(Task brief):
Pictures stay out of the copy, which must hold exactly the lines from the one containing "Pantaloni corti in" through the end of the material below.

(Data extracts):
--- START ---

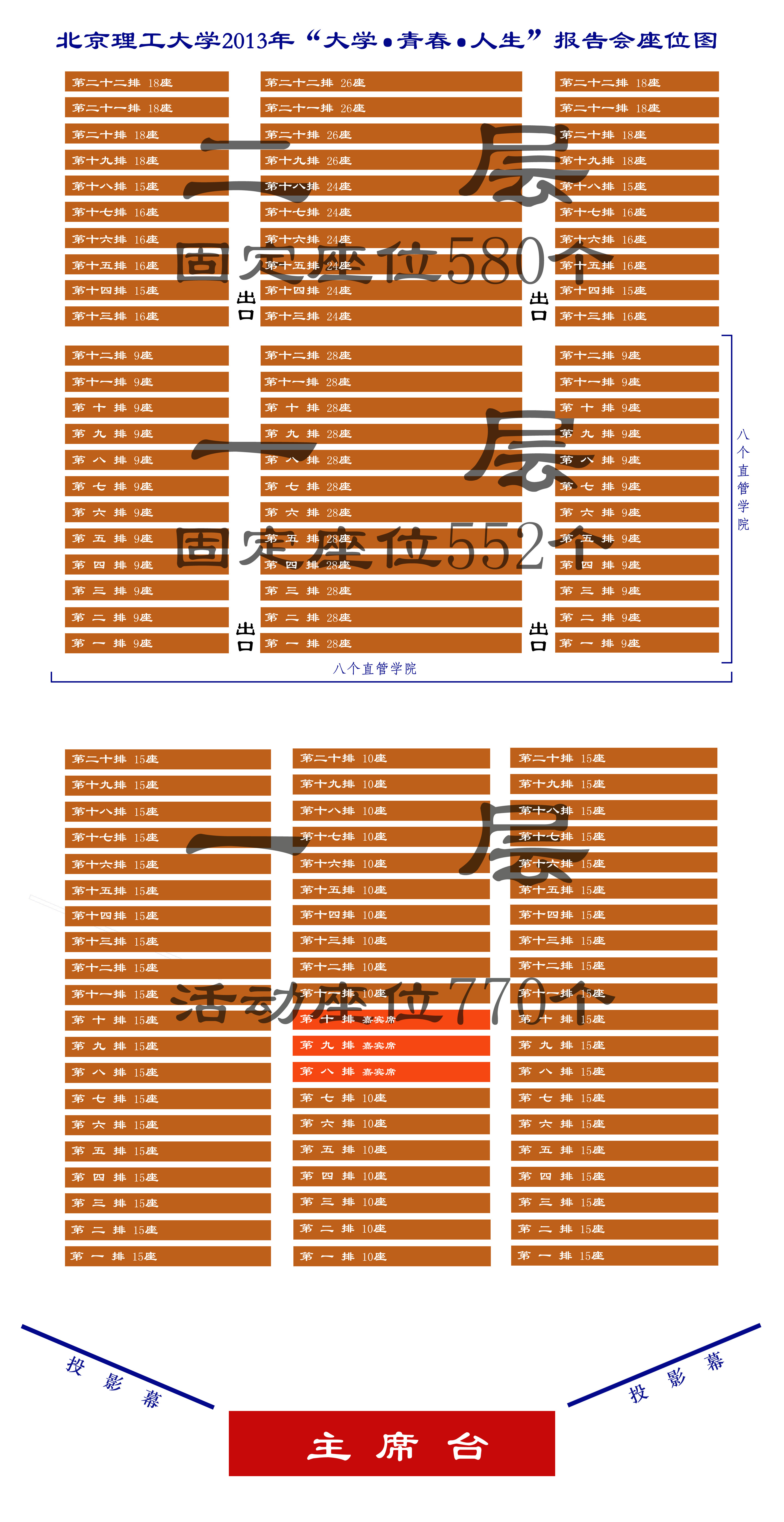 附件为座位安排表,一层固定座位区为八个直管学院的学生(现场有详细学院分区图并有专人引导),一层活动座位区及二层固定座位区为基础教育学院的学生。八个直管学院的座位区现场将按学院划分区域,基础教育学院内部协调其场地位置和人数。
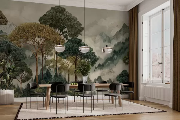 Wall murals Forest with tall trees in misty mountains Nr. w05410
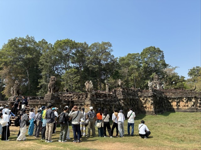 写真中:アンコールトムでの見学の様子
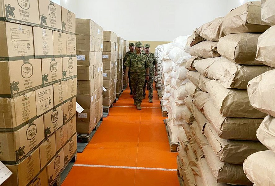 Bundan başqa müdafiə nazirinə işğaldan azad edilmiş ərazilərimizdə ərzaq və əşya əmlakı anbarlarının tikintisinin davam etdirilməsi barədə məruzə edilib.
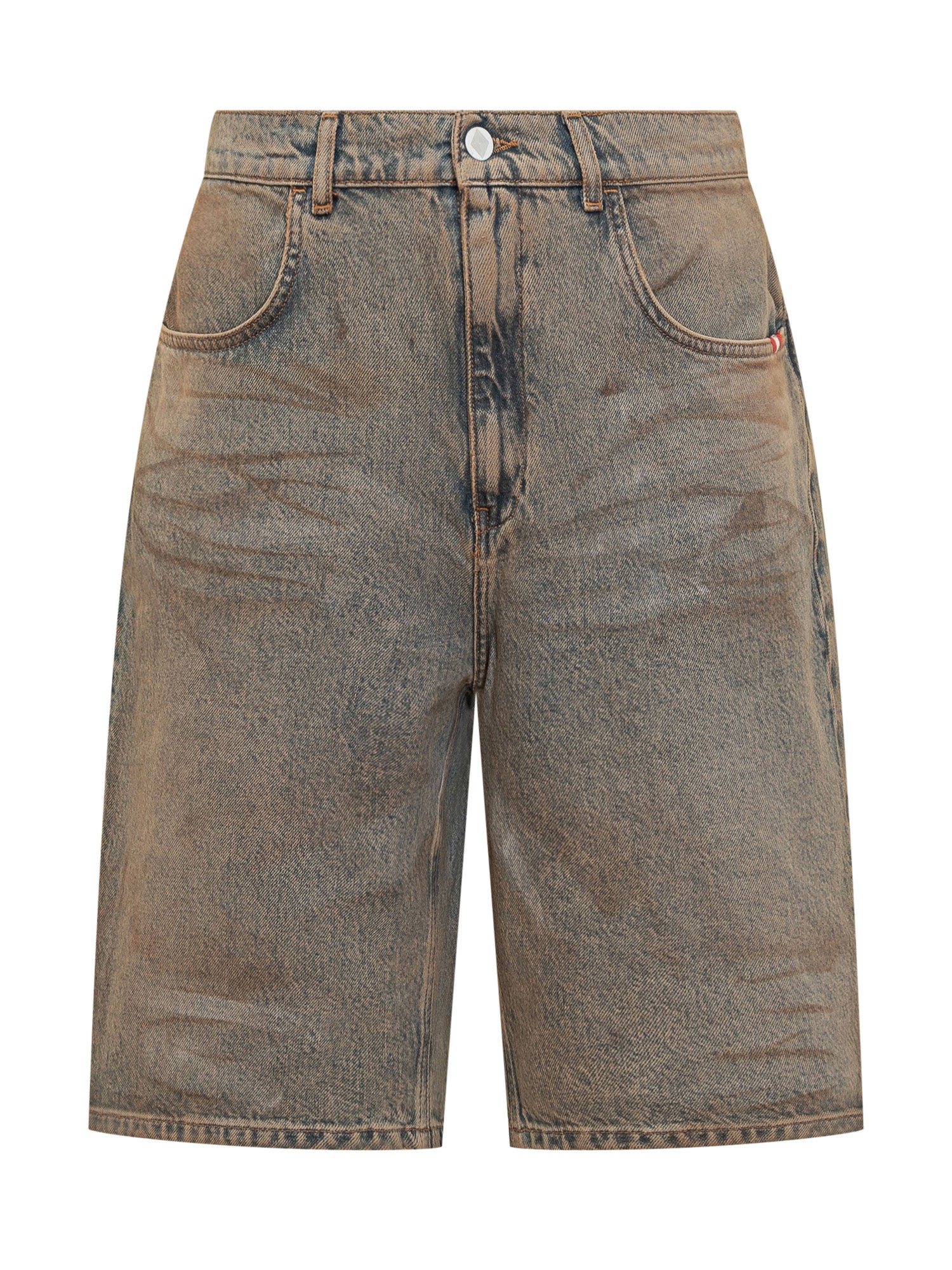 Pantaloni corti in denim. Chiusura con bottone e zip. Passanti per cintura.
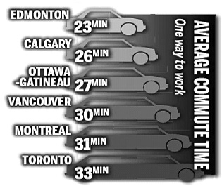 캘거리의 통근 시간이 캐나다에서 두 번째로 적게 걸리는 것으로 나타났다. 지난 주 발표된 통계청 자료에 따르면 캐나다 6대 도시들 중에서 에드몬톤 다음으로 통근시간이 적게 걸리는 것으로 나타났다. 캘거리는 26분으로 인구 1백만 이상 도시 평균인 3..

--- END ---

(Response for this exercise):
 Pantaloni corti in denim. Chiusura con bottone e zip. Passanti per cintura.
 캘거리의 통근 시간이 캐나다에서 두 번째로 적게 걸리는 것으로 나타났다. 지난 주 발표된 통계청 자료에 따르면 캐나다 6대 도시들 중에서 에드몬톤 다음으로 통근시간이 적게 걸리는 것으로 나타났다. 캘거리는 26분으로 인구 1백만 이상 도시 평균인 3..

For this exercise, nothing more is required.